The detail-view `Model:` line and the compact `model <id>` dock row are also exercised deterministically by the component layer (`tests/component/background-tasks-manager.test.ts`), which is the lowest reliable layer for dock rendering.

### Terminal keyboard-protocol negotiation

`pi` enables the Kitty keyboard protocol at startup by emitting `ESC[>7u ESC[?u ESC[c` and briefly intercepts stdin until that negotiation completes. The expect harness therefore must not key on a bare `>` (which matches the `ESC[>7u` push instantly and fires input before pi is listening); instead it waits for the steady-state status marker `(auto)`, answers the keyboard-protocol query (`ESC[?0u`, i.e. legacy keyboard) and the device-attributes query (`ESC[?1;2c`), and settles briefly before sending keys. This makes legacy keystrokes reach pi deterministically rather than racing the 150 ms negotiation fallback.

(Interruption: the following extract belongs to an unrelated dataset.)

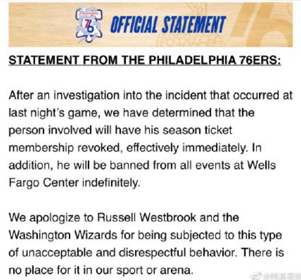 球迷也成为NBA季后赛的一个焦点,费城和奇才的比赛,威少离场的时候被球迷扔了爆米花,险些引发冲突,威少十分愤怒,球员也为威少鸣不平。最新的结果显示,费城官方找到了这位球迷,撤销了他的季票资格,禁止进入球馆以及参加球馆的所有活动。

### Interactive-stdin capability probe

`test:pty` begins with a one-shot probe (`ptyInputSupported()`) that spawns a minimal raw-mode Node stdin reader under the same `/usr/bin/expect` driver and checks that a sent byte is received. Some hosts cannot deliver stdin to a raw-mode Node TUI through expect (a plain `cat` receives input but Node `process.stdin` does not). On such hosts every PTY case is skipped with a loud reason instead of failing; where stdin is deliverable the full interactive dock scenarios run for real. The deterministic SDK/RPC/component layers remain the authoritative gates in `npm run test` either way.

## Artifact policy

Use package-local or repo-level artifacts if future snapshot/log persistence is needed:

```text
artifacts/pi-extension-tests/pi-background-tasks/
├── summary.json
├── rpc-events.jsonl
├── tui-ansi.log
├── screen.normalized.txt
└── snapshots/
```

Normalize volatile values before snapshotting: task IDs, session IDs, PIDs, timestamps, durations, temp paths, and `.pi/tasks/<session-pid>/...` run directories.

## Remaining full exhaustive coverage work

The Lane A residual hardening items and the explicit `isAgent` agent-vs-script classification are now covered by default unit/SDK gates plus full PTY and scripted-provider gates. `TEST_PLAN.md` remains the source of truth for future edge-case additions, especially any new telemetry surfaces added after this baseline.